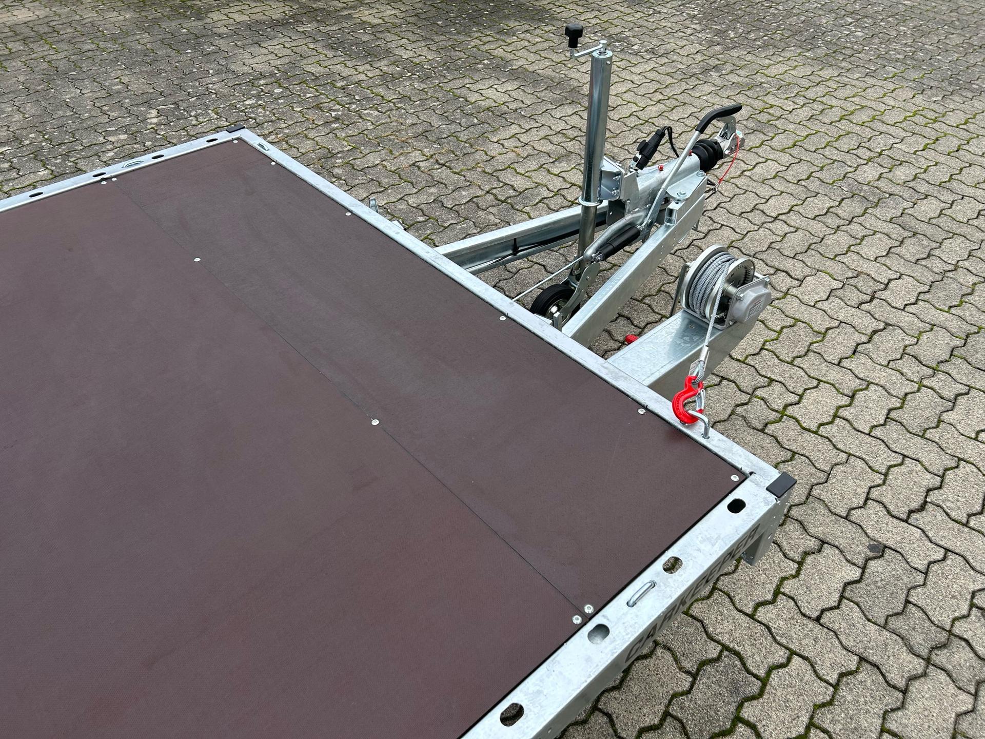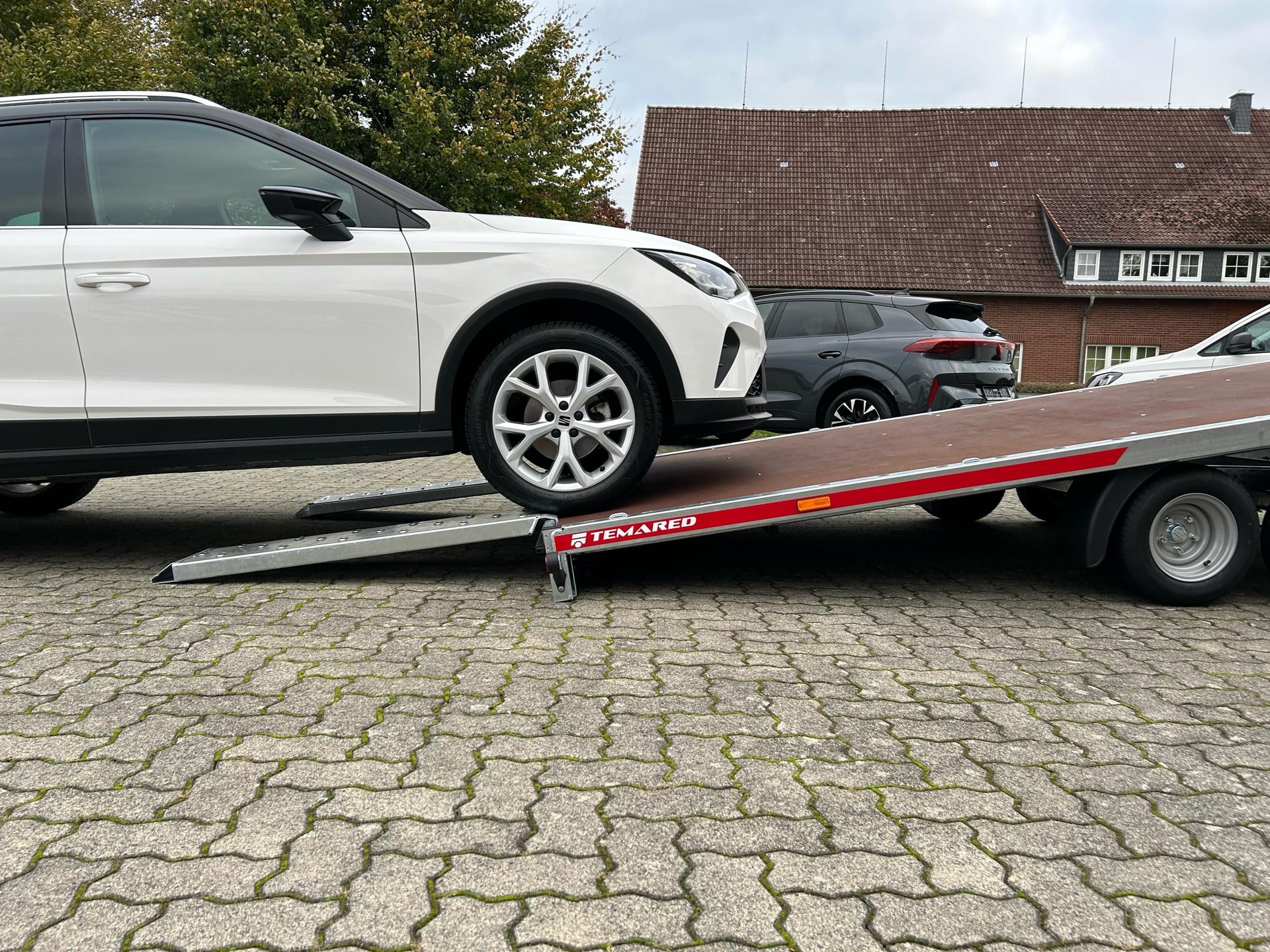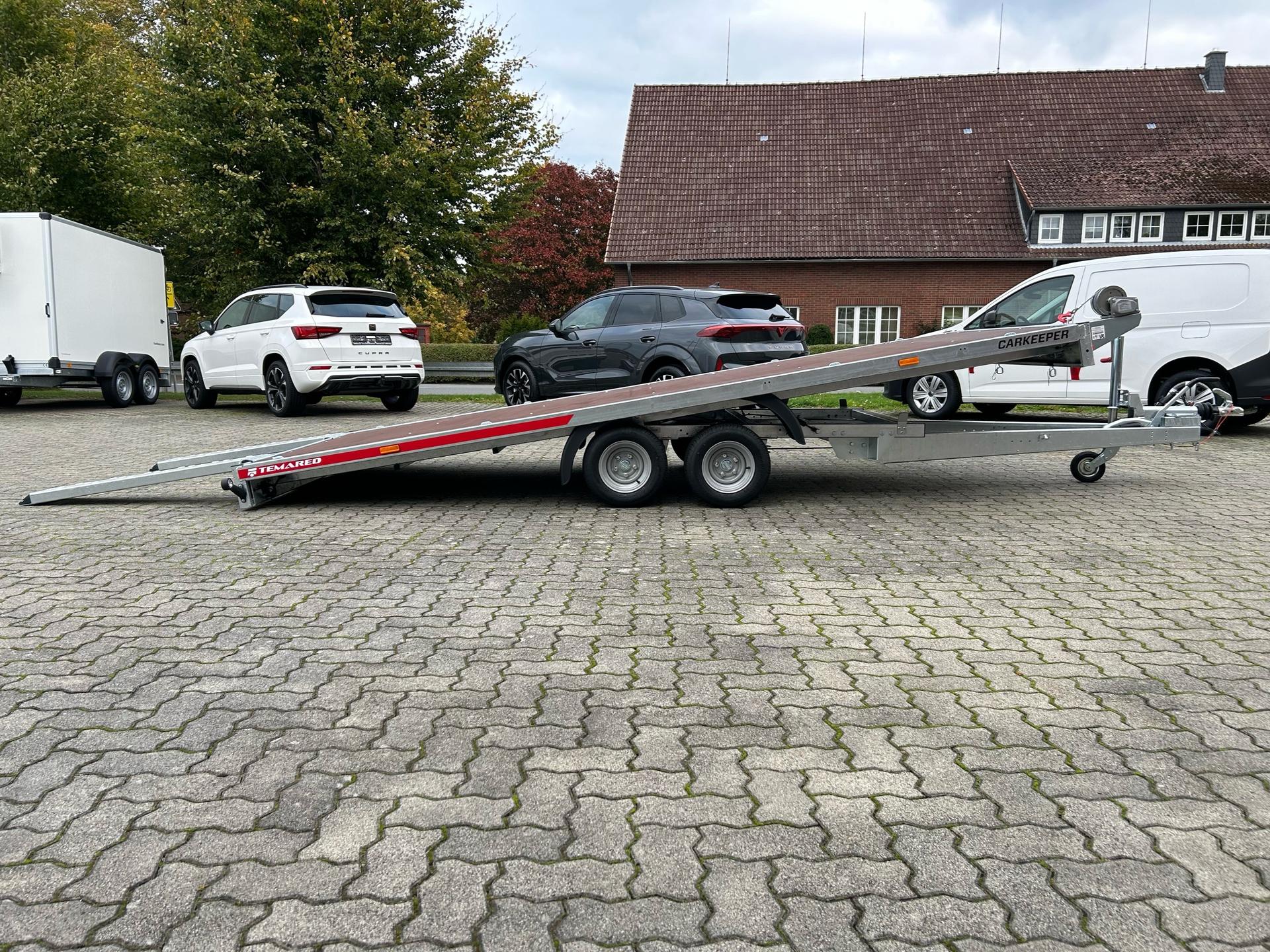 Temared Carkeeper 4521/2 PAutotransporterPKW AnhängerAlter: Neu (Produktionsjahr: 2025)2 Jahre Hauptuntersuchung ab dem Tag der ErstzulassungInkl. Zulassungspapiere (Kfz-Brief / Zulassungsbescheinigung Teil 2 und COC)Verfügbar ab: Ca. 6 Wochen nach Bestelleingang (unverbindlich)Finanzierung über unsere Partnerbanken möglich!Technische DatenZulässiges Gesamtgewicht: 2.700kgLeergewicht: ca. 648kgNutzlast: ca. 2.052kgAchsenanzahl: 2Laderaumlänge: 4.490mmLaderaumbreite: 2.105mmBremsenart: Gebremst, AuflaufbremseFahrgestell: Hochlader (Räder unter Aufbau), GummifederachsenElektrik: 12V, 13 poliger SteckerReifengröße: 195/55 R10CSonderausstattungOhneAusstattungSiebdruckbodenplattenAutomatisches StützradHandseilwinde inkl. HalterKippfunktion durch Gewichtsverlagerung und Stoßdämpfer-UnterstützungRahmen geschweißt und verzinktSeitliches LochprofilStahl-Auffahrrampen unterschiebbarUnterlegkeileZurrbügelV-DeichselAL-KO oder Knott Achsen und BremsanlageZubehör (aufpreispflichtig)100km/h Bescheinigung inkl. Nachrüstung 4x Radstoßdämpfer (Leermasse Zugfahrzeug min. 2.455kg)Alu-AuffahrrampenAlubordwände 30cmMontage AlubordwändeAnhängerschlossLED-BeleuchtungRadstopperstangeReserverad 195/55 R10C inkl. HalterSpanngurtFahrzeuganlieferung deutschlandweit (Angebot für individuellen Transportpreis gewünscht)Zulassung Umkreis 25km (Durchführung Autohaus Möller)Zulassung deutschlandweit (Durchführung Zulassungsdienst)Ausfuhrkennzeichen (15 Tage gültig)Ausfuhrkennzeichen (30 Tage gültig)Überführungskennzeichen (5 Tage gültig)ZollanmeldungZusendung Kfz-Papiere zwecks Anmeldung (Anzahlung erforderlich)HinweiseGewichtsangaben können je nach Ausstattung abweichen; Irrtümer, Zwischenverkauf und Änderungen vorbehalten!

____________

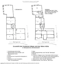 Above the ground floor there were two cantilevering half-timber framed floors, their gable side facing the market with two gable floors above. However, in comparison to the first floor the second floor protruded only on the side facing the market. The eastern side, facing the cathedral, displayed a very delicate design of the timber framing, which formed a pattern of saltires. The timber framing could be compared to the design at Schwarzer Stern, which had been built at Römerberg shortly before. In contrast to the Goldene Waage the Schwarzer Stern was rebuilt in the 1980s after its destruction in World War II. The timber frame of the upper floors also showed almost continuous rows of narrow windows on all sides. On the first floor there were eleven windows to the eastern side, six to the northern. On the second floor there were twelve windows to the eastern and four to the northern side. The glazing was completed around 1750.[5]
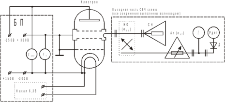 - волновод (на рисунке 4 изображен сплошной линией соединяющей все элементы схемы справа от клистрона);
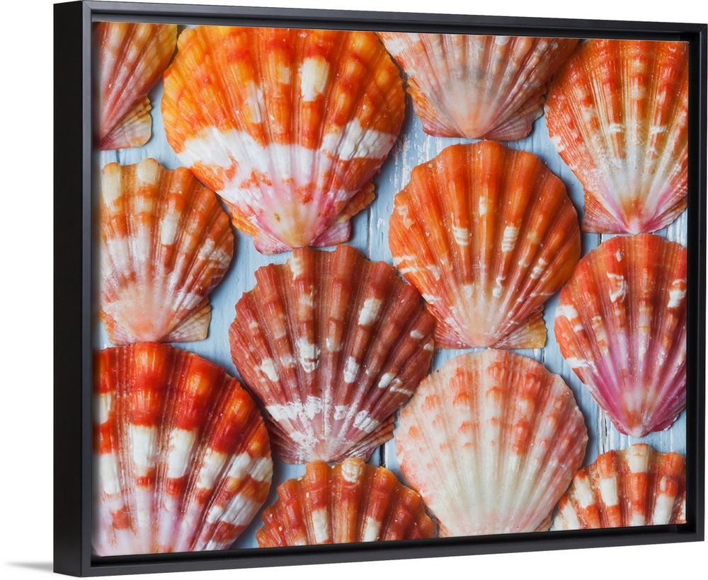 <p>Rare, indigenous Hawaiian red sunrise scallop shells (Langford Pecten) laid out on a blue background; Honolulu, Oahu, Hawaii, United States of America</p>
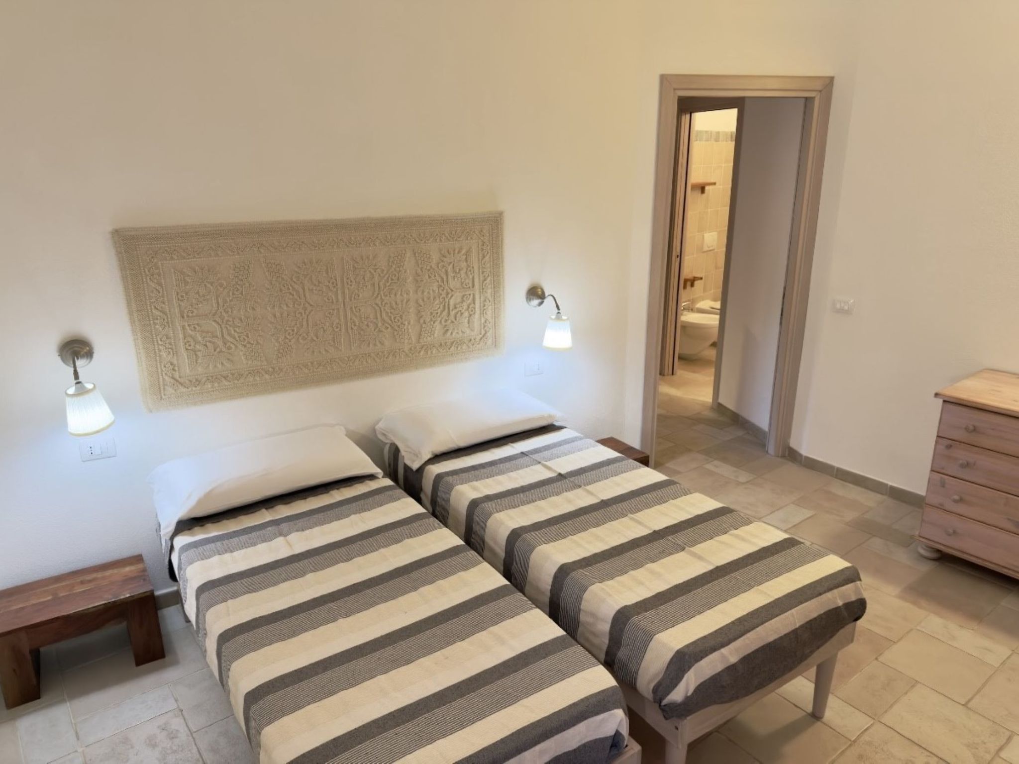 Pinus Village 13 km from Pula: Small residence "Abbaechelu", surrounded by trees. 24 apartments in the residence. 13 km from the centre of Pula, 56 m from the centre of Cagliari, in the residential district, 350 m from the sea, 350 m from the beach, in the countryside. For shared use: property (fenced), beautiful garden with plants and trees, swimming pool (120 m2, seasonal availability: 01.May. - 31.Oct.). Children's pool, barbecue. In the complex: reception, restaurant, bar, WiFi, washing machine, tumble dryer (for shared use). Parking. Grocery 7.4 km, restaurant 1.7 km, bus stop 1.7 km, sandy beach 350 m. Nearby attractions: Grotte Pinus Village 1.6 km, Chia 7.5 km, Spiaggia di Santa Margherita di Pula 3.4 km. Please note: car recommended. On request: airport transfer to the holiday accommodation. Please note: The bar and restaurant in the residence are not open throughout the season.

____________

* _Required action_
The answer must be the part of the records that opens with the line containing "- волновод (на" and closes with the line containing "Pinus Village 13", reproduced exactly, with no pictures.

* _Response to the task_
 - волновод (на рисунке 4 изображен сплошной линией соединяющей все элементы схемы справа от клистрона);
 <p>Rare, indigenous Hawaiian red sunrise scallop shells (Langford Pecten) laid out on a blue background; Honolulu, Oahu, Hawaii, United States of America</p>
 Pinus Village 13 km from Pula: Small residence "Abbaechelu", surrounded by trees. 24 apartments in the residence. 13 km from the centre of Pula, 56 m from the centre of Cagliari, in the residential district, 350 m from the sea, 350 m from the beach, in the countryside. For shared use: property (fenced), beautiful garden with plants and trees, swimming pool (120 m2, seasonal availability: 01.May. - 31.Oct.). Children's pool, barbecue. In the complex: reception, restaurant, bar, WiFi, washing machine, tumble dryer (for shared use). Parking. Grocery 7.4 km, restaurant 1.7 km, bus stop 1.7 km, sandy beach 350 m. Nearby attractions: Grotte Pinus Village 1.6 km, Chia 7.5 km, Spiaggia di Santa Margherita di Pula 3.4 km. Please note: car recommended. On request: airport transfer to the holiday accommodation. Please note: The bar and restaurant in the residence are not open throughout the season.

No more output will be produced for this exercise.